Poland needs to improve tax collection by about PLN12bn (€2.8bn) in 2017 in order to keep its budget deficit below the 3% recommended by the European Union, the country's deputy finance minister said on March 29.
Poland left the EU’s Excessive Deficit Procedure – launched for member states with deficits exceeding 3% - in 2015, shortly before the populist Law and Justice (PiS) won power with generous spending promises. Doubts have been gathering over the new administration's ability to keep the deficit at bay as it seeks funds to pay for the pledges, which include a child benefits programme set to cost PLN17bn (€4bn) in 2016 and PLN23bn in 2017.
Next year is going to be particularly difficult in terms of controlling the deficit, because it will be the first full year of child benefits being paid out, after their launch from April this year, deputy Finance Minister Leszek Skiba told Rzeczpospolita.
“We will also begin carrying out other government pledges [in 2017], such as lowering of the retirement age, [increasing] of tax-free income, [or] changes in the copper tax,” Skiba said.
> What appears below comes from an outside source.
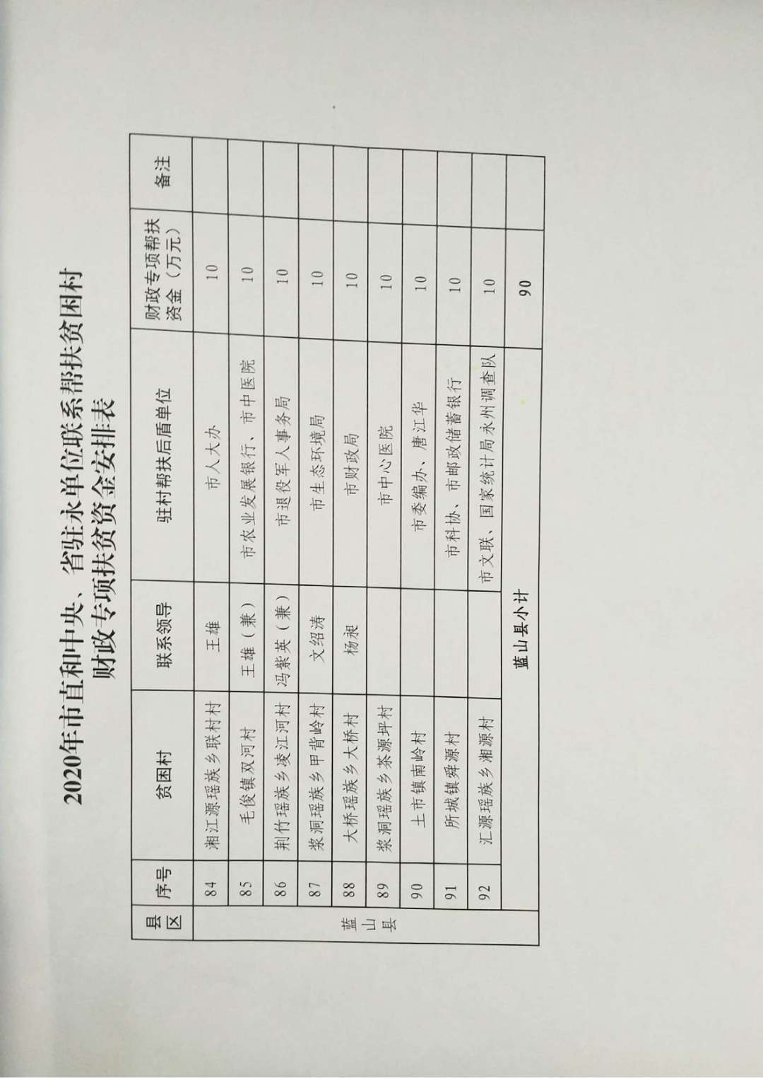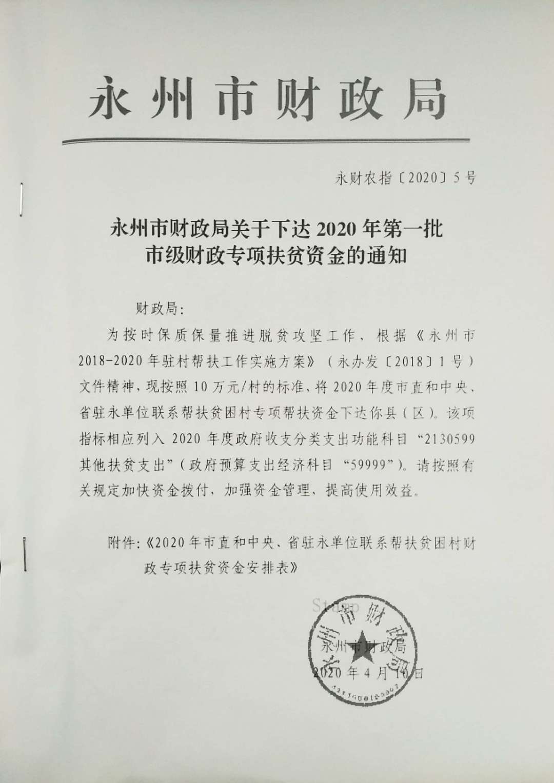 名称: 永州市财政局关于下达2020年第一批市级财政专项扶贫资金的通知

The government has introduced a bank tax and is working on a retail levy, although it is not yet clear what form this tax will ultimately take. Warsaw has also suggested numerous times that it plans to lower the mining tax, which is essentially a special levy on state-controlled copper miner KGHM.
“Our early estimates show we will need at least PLN12bn in improved tax collection to keep the deficit at 3% of GDP,” Skiba said. He also suggests the room for further spending plans is “minimal” if the deficit is not to go over the 3% threshold.
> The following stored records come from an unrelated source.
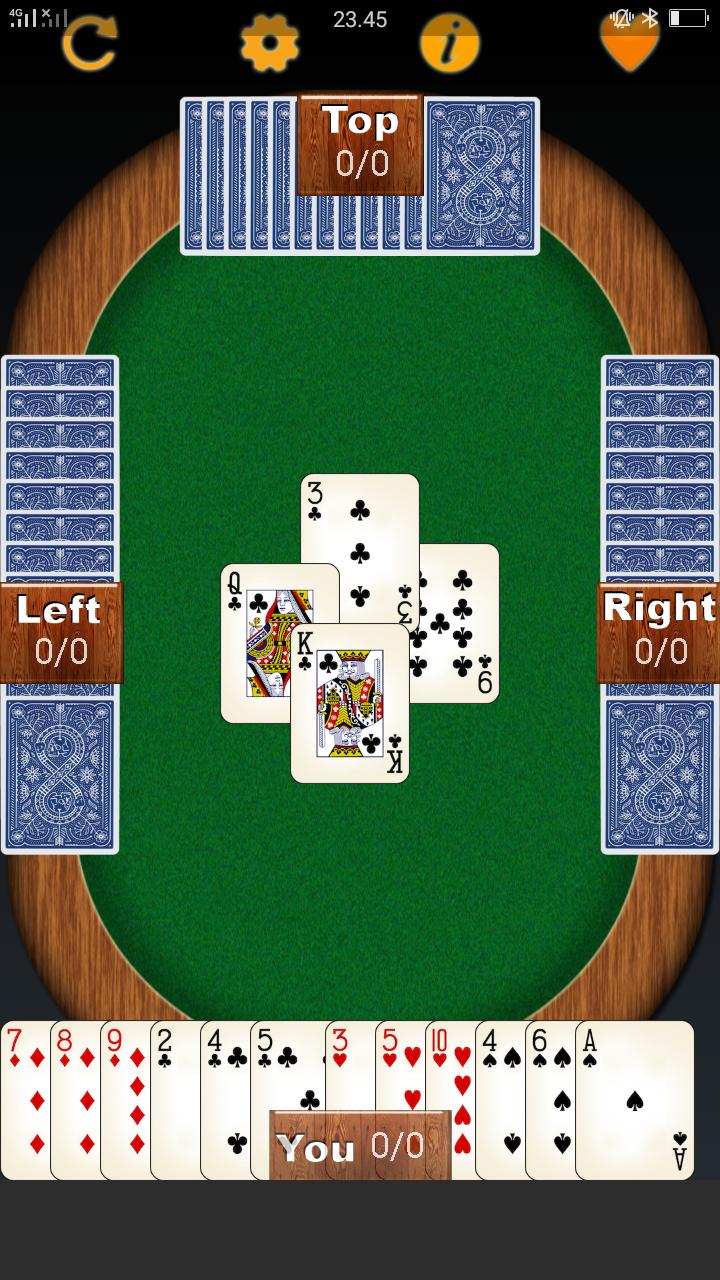 ทรัมป์ถาวร: การ์ดใด ๆ ของชุดจอบจะมีการ์ดใด ๆ ของชุดสูทอื่น ๆ การจัดการและการเล่นเป็นทวนเข็มนาฬิกา
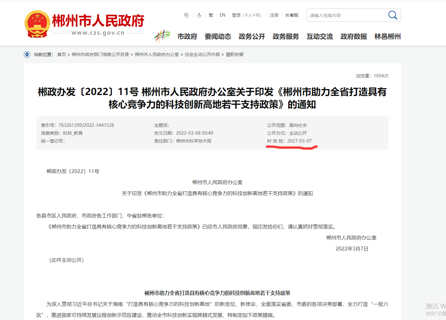 壹、郴州市高新技術(shù)企業(yè)認(rèn)定獎勵補貼政策文件:郴州市助力全省打造具有核心競爭力的科技創(chuàng)新高地若干支持政策(郴政辦發(fā)〔2022〕11號)
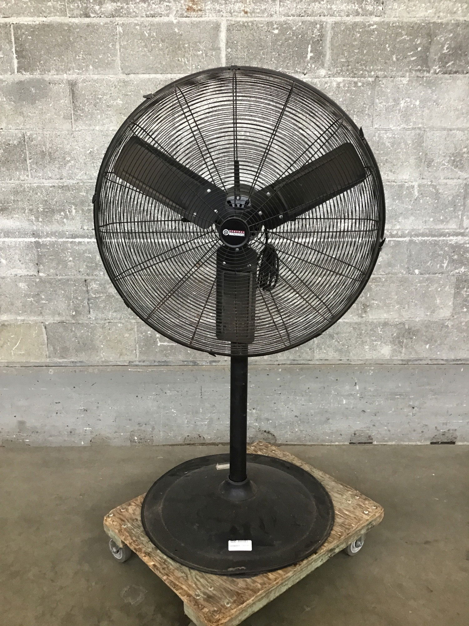 From Central Machinery, this large industrial fan offers a heavy weighted base, an ~28" fan and a few different speeds. This is ideal for warehouses, back porches and DIY hover craft. Some dust. Bracket to raise and lower is cracked. Appeared to function when tested
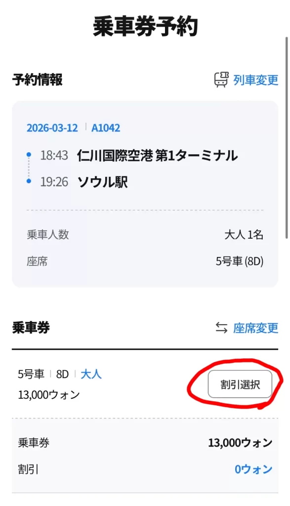 「割引選択」ボタンをタップ。
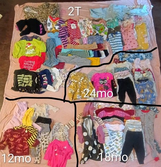 12M-2T *Girls (mostly Winter) Most are size 2T and in good used condition, a few play clothes mixed in as well. I'm only willing to separate each size, not per item. 10- Size 12M 18- Size 18M 15- Size 24M 50- Size 2T (Winter) 19- Size 24-2T (Summer) 112 items total $45 for all or ask for price on a specific size *Yes, I'm aware some items are typical "boy" items.

Joint revenue from the bank and retail taxes would be around PLN7.5bn in 2017, the official estimates. However, lenders are reportedly working out legal means to avoid the bank tax, while the fate of the retail tax is unclear.
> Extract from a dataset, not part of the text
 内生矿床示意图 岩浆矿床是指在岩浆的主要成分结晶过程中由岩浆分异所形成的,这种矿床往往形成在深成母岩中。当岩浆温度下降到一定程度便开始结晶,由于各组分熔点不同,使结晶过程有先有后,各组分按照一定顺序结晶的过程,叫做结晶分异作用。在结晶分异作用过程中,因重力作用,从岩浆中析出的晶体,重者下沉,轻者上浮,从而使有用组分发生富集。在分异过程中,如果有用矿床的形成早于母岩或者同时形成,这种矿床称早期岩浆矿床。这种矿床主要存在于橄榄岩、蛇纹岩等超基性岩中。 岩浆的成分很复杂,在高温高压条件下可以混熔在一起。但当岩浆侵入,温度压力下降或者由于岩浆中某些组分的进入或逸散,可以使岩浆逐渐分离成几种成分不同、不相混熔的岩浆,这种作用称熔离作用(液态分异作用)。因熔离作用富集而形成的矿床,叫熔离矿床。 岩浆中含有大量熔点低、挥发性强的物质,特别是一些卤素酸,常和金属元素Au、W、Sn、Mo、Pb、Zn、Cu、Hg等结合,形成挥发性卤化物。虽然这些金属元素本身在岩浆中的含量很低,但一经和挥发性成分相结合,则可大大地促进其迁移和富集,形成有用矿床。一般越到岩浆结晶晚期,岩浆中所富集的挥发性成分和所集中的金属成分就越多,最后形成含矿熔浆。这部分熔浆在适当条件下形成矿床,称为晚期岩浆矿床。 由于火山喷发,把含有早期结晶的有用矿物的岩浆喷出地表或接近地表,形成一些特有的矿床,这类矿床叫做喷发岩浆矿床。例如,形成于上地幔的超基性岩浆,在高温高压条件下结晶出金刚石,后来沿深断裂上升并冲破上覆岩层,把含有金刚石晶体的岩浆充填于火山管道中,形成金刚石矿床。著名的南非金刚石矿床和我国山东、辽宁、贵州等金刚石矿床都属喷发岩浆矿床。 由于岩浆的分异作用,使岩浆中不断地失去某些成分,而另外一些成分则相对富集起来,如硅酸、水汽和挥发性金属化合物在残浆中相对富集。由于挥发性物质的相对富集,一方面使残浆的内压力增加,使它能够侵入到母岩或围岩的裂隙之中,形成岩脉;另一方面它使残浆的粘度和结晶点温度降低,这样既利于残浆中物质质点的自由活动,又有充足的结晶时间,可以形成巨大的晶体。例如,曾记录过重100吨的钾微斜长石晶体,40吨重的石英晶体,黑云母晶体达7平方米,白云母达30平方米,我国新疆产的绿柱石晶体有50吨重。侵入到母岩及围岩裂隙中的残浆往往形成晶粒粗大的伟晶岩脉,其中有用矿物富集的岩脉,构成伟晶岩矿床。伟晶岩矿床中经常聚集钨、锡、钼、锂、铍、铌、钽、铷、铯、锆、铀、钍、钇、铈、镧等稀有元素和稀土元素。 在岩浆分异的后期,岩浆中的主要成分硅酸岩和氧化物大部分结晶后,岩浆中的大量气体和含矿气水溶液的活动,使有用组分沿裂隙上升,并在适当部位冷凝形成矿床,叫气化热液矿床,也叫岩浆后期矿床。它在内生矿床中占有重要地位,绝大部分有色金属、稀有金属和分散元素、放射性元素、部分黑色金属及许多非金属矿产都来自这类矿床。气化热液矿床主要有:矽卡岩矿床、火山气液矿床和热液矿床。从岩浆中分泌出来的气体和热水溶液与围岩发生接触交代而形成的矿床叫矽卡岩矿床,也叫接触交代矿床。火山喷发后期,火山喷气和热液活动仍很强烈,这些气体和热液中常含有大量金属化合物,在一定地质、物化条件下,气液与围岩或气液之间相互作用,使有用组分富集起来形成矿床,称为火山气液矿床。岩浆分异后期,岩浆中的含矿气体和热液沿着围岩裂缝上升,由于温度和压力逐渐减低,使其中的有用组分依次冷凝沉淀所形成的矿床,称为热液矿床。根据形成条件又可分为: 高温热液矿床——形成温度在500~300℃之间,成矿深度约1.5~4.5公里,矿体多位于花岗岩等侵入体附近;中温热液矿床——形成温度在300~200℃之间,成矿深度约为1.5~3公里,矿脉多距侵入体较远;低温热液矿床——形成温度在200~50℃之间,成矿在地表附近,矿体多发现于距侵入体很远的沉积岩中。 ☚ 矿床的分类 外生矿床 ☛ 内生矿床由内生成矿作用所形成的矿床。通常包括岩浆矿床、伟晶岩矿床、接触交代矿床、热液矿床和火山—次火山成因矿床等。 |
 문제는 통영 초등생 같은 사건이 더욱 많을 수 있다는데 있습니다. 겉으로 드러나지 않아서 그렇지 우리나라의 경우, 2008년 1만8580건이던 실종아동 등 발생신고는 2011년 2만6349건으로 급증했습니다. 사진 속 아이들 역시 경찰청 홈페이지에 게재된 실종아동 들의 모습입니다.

On top of that, unless copper prices rebound in 2017, revenue from the mining tax is also in doubt. The government is already resigned to reducing projected income from the tax to around PLN1bn in 2016, from earlier estimate of PLN1.53bn, it says.
Skiba admits in the interview that the European Commission has estimated Poland’s deficit at 3.4% of GDP. “We are expecting the commission will be sceptical about [Poland’s ability to improve tax collection],” the minster said.